Pictures in the data should be dropped; transcribe exactly the lines from the one that has "一番高い所から獲物はいないかと見張っていました。 | |" through the one that has "My focus was".

Task input =
···

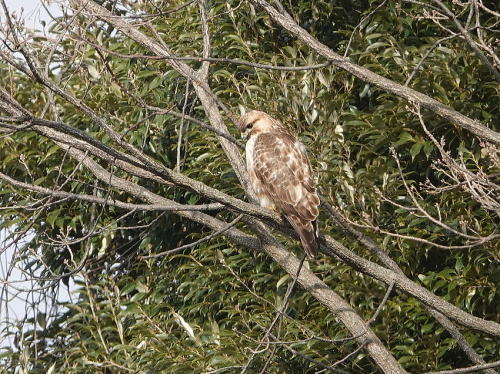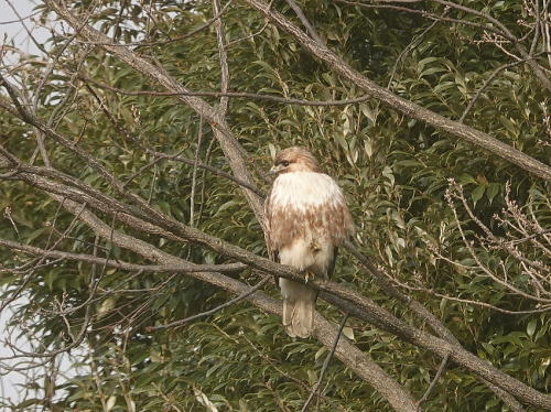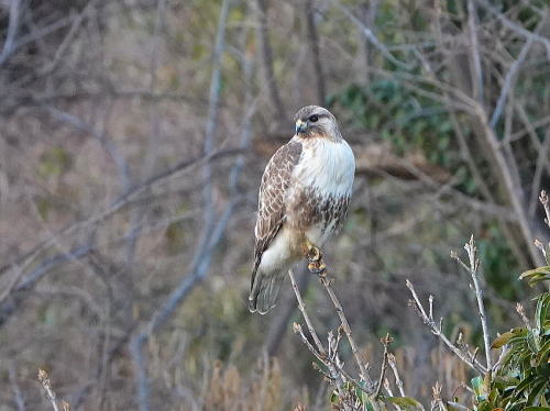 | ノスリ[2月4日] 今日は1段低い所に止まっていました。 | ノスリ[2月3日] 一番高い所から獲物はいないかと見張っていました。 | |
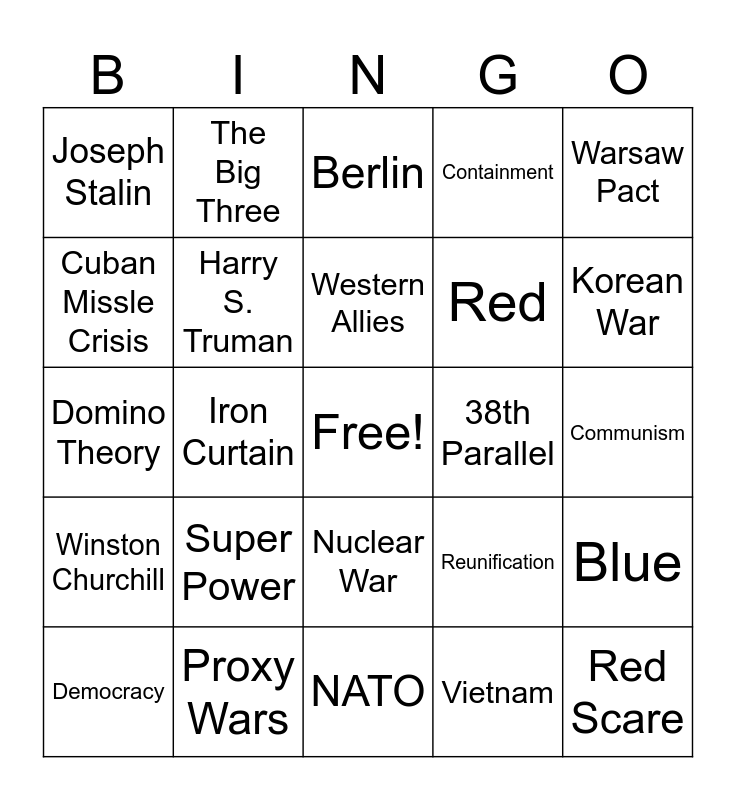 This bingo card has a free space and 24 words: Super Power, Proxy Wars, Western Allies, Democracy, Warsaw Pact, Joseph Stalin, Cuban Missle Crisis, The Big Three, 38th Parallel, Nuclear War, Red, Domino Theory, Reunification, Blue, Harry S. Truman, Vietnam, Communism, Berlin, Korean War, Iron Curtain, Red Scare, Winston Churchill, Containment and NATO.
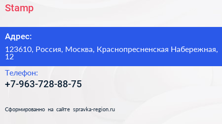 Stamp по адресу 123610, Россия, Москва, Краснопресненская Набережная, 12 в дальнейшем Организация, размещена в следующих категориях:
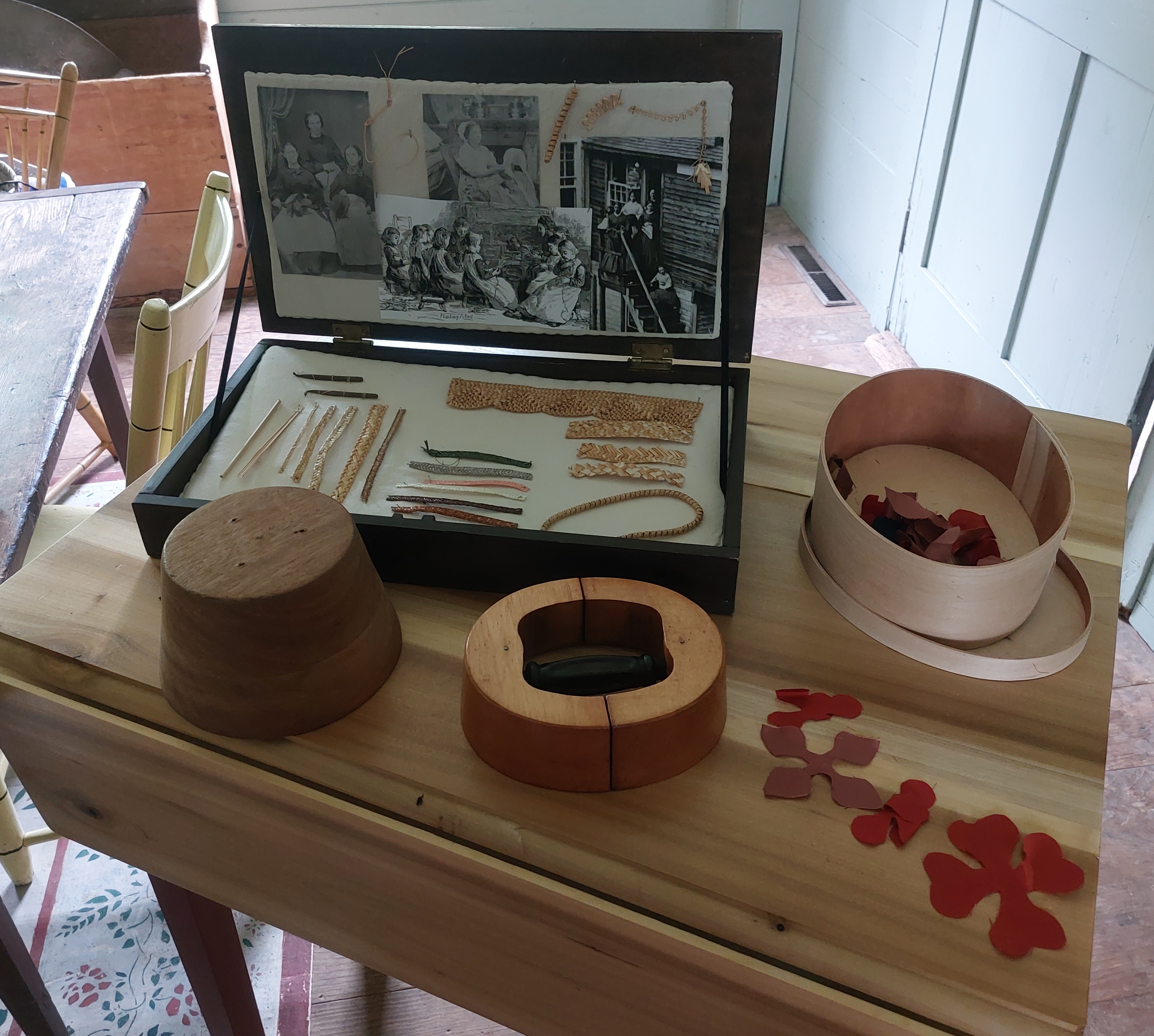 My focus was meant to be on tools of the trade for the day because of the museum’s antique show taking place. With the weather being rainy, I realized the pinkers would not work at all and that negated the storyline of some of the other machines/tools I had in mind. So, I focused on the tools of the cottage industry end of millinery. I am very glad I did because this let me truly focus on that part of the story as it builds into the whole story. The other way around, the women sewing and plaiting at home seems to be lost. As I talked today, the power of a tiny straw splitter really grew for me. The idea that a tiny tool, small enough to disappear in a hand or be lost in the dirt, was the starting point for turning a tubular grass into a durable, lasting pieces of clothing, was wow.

···

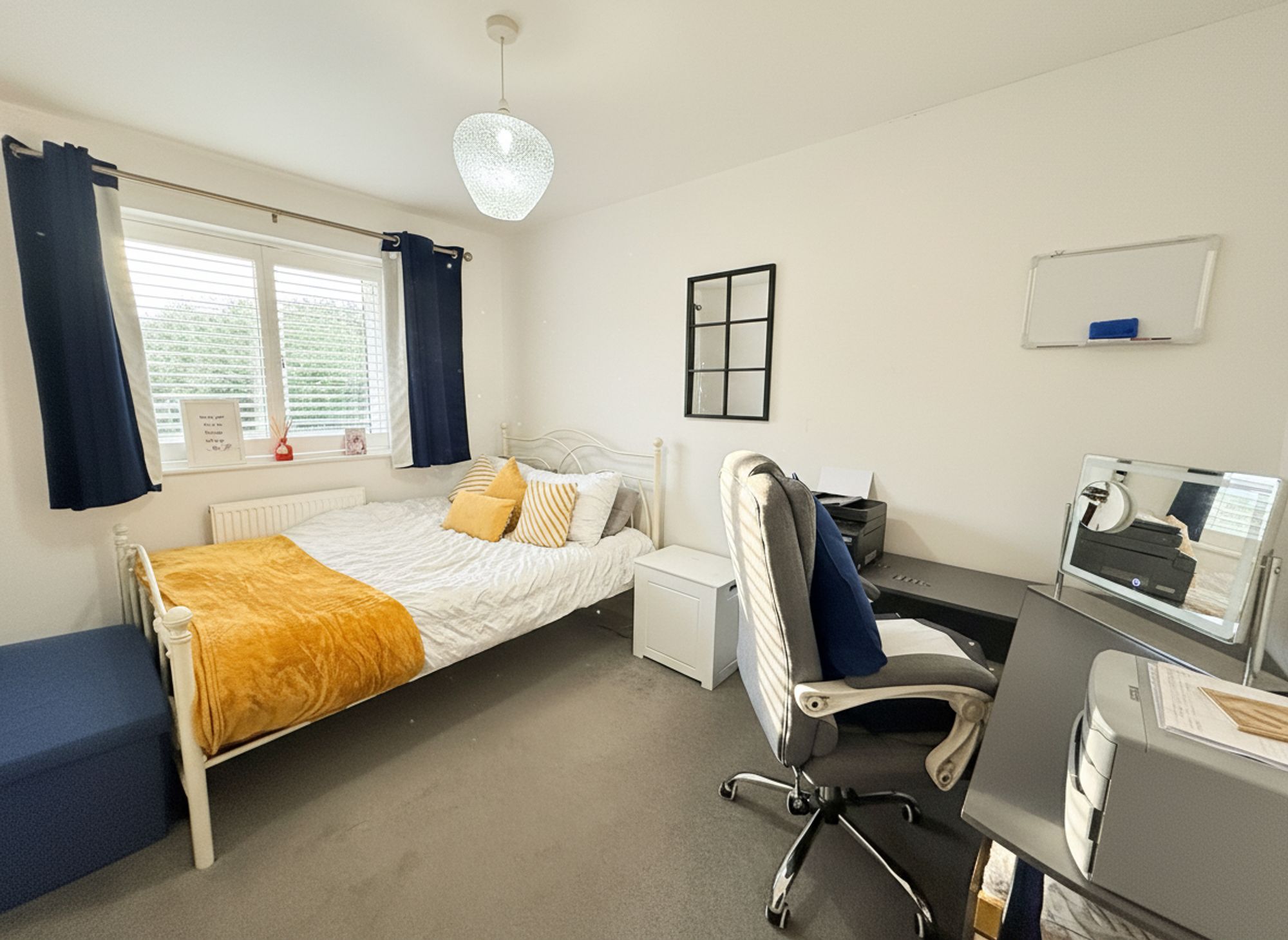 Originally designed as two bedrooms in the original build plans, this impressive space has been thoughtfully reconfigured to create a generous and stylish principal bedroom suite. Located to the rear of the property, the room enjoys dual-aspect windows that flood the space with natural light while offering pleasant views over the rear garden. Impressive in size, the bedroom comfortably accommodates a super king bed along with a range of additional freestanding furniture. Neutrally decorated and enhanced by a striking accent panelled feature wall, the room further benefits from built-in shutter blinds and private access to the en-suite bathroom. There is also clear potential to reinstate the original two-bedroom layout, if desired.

···

Task answer =
 | ノスリ[2月4日] 今日は1段低い所に止まっていました。 | ノスリ[2月3日] 一番高い所から獲物はいないかと見張っていました。 | |
 This bingo card has a free space and 24 words: Super Power, Proxy Wars, Western Allies, Democracy, Warsaw Pact, Joseph Stalin, Cuban Missle Crisis, The Big Three, 38th Parallel, Nuclear War, Red, Domino Theory, Reunification, Blue, Harry S. Truman, Vietnam, Communism, Berlin, Korean War, Iron Curtain, Red Scare, Winston Churchill, Containment and NATO.
 Stamp по адресу 123610, Россия, Москва, Краснопресненская Набережная, 12 в дальнейшем Организация, размещена в следующих категориях:
 My focus was meant to be on tools of the trade for the day because of the museum’s antique show taking place. With the weather being rainy, I realized the pinkers would not work at all and that negated the storyline of some of the other machines/tools I had in mind. So, I focused on the tools of the cottage industry end of millinery. I am very glad I did because this let me truly focus on that part of the story as it builds into the whole story. The other way around, the women sewing and plaiting at home seems to be lost. As I talked today, the power of a tiny straw splitter really grew for me. The idea that a tiny tool, small enough to disappear in a hand or be lost in the dirt, was the starting point for turning a tubular grass into a durable, lasting pieces of clothing, was wow.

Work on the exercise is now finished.